Data for the task –

==========

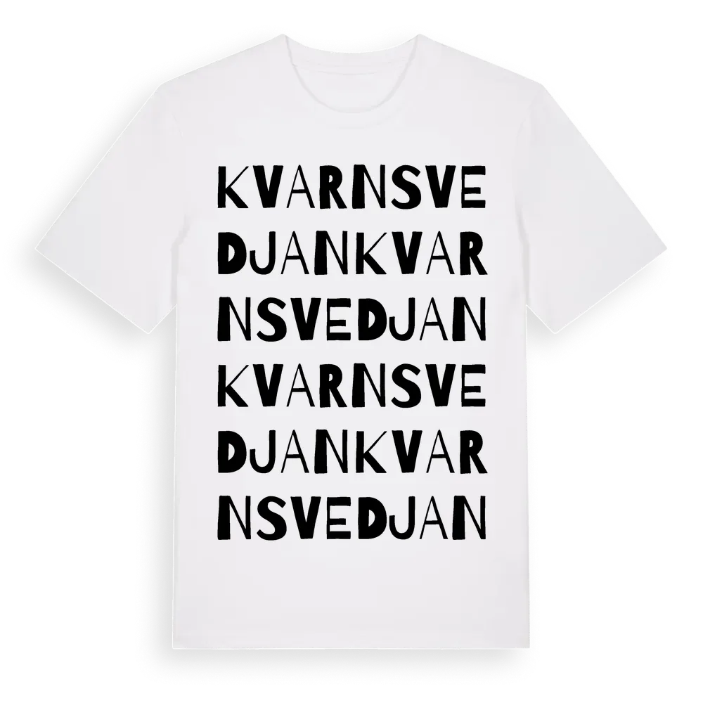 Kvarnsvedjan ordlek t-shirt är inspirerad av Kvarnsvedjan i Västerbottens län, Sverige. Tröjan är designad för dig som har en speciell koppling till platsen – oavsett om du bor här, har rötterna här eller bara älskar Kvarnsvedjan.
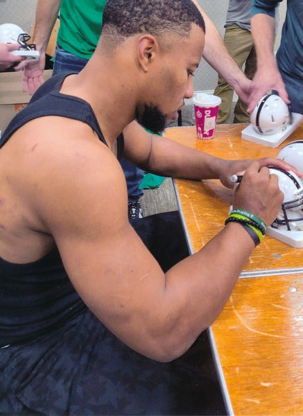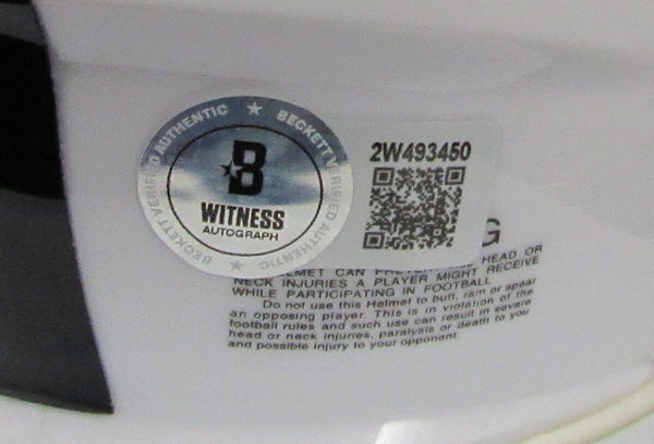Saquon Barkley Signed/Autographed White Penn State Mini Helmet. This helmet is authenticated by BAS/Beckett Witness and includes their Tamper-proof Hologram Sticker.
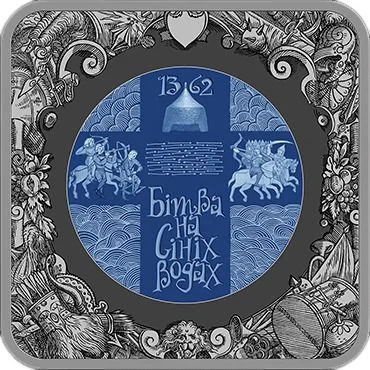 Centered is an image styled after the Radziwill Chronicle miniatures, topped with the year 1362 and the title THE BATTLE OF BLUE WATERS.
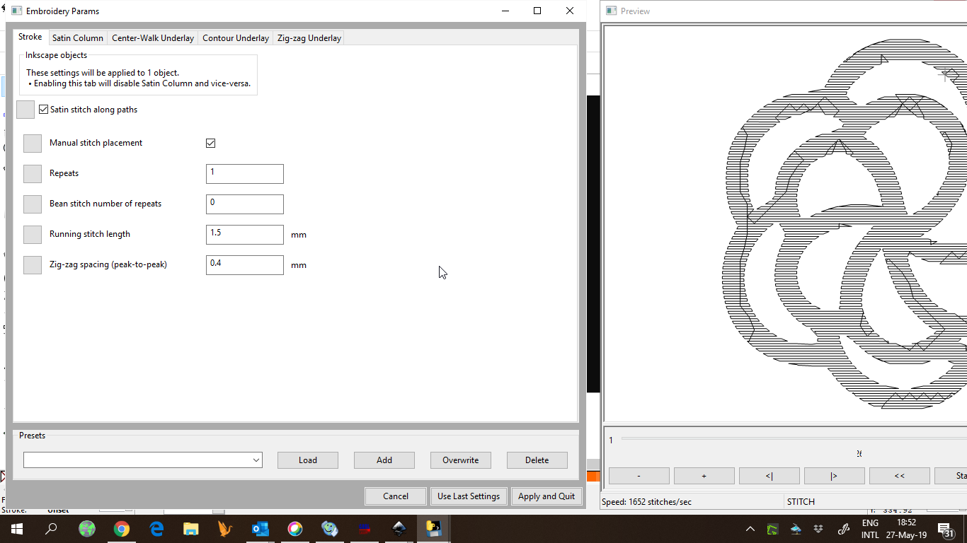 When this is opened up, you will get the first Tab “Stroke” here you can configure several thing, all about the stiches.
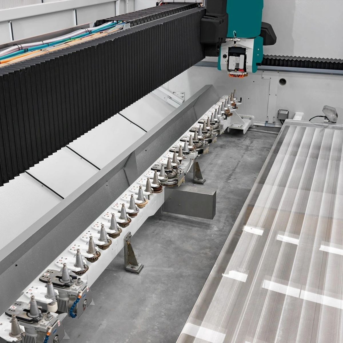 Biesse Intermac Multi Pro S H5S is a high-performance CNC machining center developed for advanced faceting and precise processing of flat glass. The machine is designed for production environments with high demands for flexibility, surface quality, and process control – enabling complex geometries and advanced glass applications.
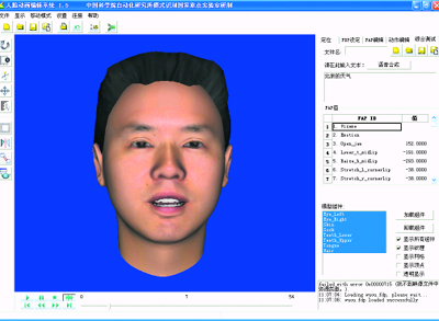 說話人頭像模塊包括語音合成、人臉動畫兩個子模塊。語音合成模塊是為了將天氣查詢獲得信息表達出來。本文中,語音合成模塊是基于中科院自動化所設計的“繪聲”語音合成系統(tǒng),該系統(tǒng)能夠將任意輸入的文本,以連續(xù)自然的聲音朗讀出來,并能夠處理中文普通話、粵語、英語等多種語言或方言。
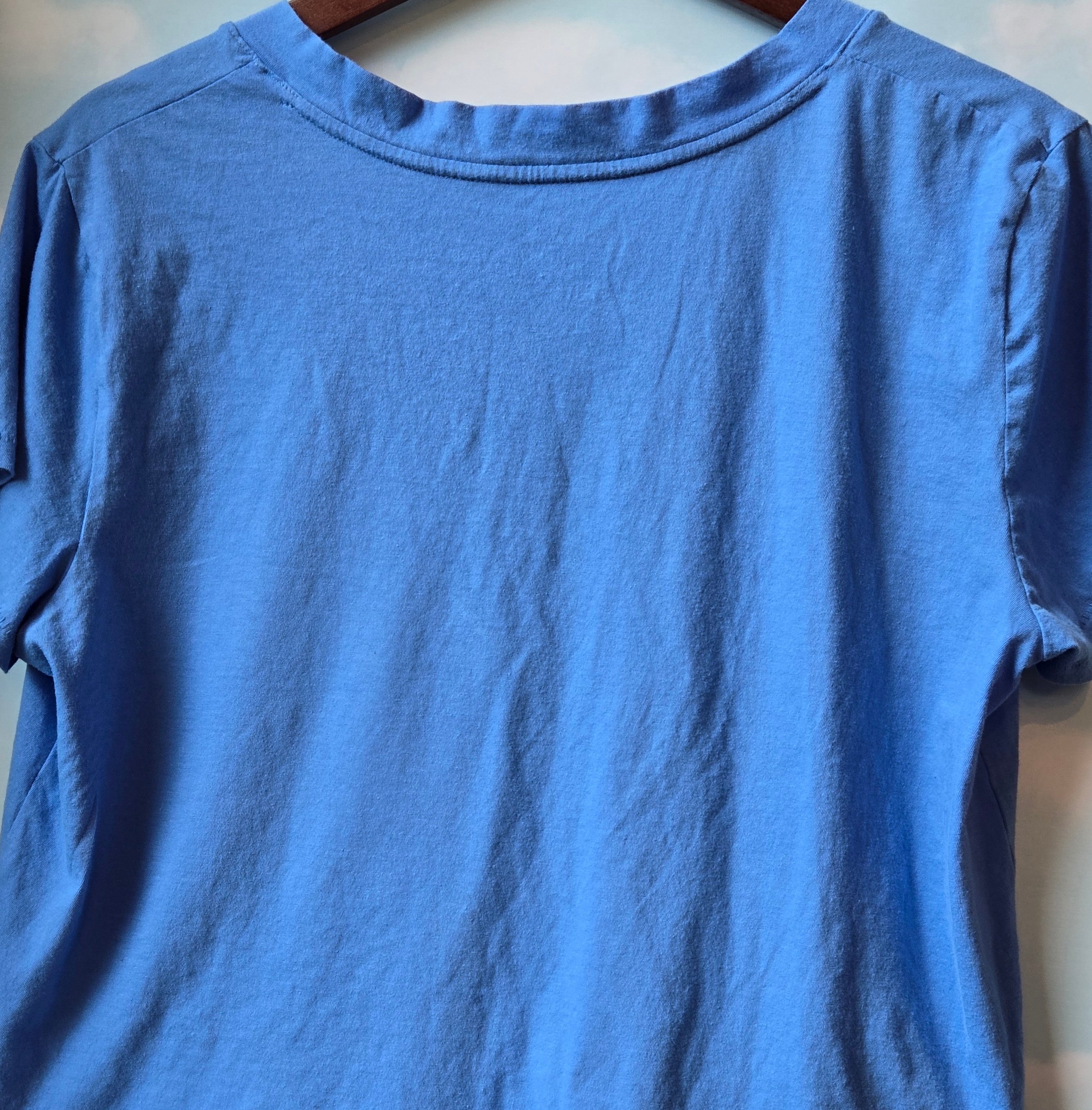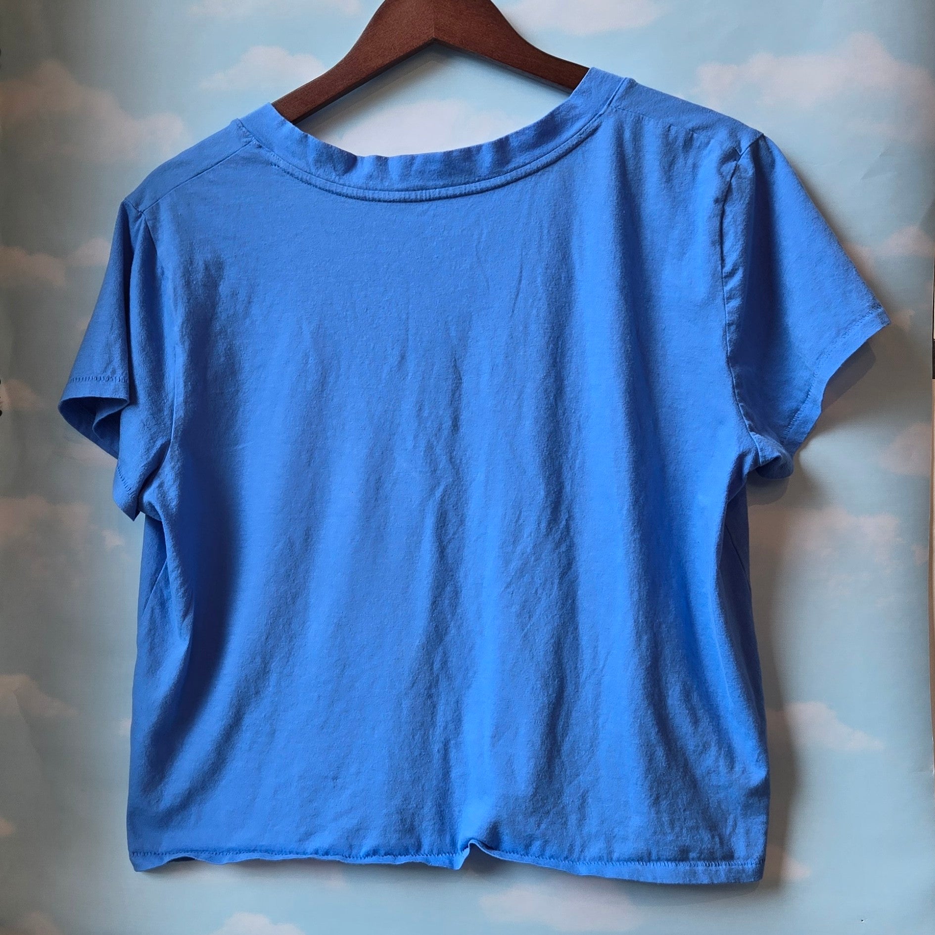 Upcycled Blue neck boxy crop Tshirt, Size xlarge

==========

Problem to work on – Above are some entries. Restate word for word the lines from the one holding "When this is" through the one holding "Biesse Intermac Multi", but not the pictures.

Response for this exercise –
 When this is opened up, you will get the first Tab “Stroke” here you can configure several thing, all about the stiches.
 Biesse Intermac Multi Pro S H5S is a high-performance CNC machining center developed for advanced faceting and precise processing of flat glass. The machine is designed for production environments with high demands for flexibility, surface quality, and process control – enabling complex geometries and advanced glass applications.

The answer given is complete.